**Task to carry out**
Your answer must be the records below, reproduced exactly.

Stored dataset items:
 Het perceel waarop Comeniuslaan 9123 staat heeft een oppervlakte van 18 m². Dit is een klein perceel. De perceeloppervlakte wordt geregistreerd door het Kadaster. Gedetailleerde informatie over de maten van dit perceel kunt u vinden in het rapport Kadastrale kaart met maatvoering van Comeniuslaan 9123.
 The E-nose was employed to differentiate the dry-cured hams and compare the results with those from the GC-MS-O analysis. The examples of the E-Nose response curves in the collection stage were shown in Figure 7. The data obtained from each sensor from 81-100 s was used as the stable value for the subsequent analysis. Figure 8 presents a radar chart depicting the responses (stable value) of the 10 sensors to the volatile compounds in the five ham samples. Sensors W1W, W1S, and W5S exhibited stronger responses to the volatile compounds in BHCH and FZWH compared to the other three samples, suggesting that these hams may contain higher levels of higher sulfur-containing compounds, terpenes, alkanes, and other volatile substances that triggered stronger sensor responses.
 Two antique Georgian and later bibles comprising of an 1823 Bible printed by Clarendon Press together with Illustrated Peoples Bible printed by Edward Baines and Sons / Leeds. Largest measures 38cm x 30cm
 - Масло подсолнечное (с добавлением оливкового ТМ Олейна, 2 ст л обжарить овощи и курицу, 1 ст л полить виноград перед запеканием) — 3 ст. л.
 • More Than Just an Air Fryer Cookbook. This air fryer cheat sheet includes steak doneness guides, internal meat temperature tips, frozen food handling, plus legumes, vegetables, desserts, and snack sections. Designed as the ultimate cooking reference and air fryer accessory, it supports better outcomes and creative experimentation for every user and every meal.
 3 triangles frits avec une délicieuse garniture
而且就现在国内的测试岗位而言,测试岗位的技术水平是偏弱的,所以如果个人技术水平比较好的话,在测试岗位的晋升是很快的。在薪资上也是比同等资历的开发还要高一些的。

**Result for this task**
 Het perceel waarop Comeniuslaan 9123 staat heeft een oppervlakte van 18 m². Dit is een klein perceel. De perceeloppervlakte wordt geregistreerd door het Kadaster. Gedetailleerde informatie over de maten van dit perceel kunt u vinden in het rapport Kadastrale kaart met maatvoering van Comeniuslaan 9123.
 The E-nose was employed to differentiate the dry-cured hams and compare the results with those from the GC-MS-O analysis. The examples of the E-Nose response curves in the collection stage were shown in Figure 7. The data obtained from each sensor from 81-100 s was used as the stable value for the subsequent analysis. Figure 8 presents a radar chart depicting the responses (stable value) of the 10 sensors to the volatile compounds in the five ham samples. Sensors W1W, W1S, and W5S exhibited stronger responses to the volatile compounds in BHCH and FZWH compared to the other three samples, suggesting that these hams may contain higher levels of higher sulfur-containing compounds, terpenes, alkanes, and other volatile substances that triggered stronger sensor responses.
 Two antique Georgian and later bibles comprising of an 1823 Bible printed by Clarendon Press together with Illustrated Peoples Bible printed by Edward Baines and Sons / Leeds. Largest measures 38cm x 30cm
 - Масло подсолнечное (с добавлением оливкового ТМ Олейна, 2 ст л обжарить овощи и курицу, 1 ст л полить виноград перед запеканием) — 3 ст. л.
 • More Than Just an Air Fryer Cookbook. This air fryer cheat sheet includes steak doneness guides, internal meat temperature tips, frozen food handling, plus legumes, vegetables, desserts, and snack sections. Designed as the ultimate cooking reference and air fryer accessory, it supports better outcomes and creative experimentation for every user and every meal.
 3 triangles frits avec une délicieuse garniture
而且就现在国内的测试岗位而言,测试岗位的技术水平是偏弱的,所以如果个人技术水平比较好的话,在测试岗位的晋升是很快的。在薪资上也是比同等资历的开发还要高一些的。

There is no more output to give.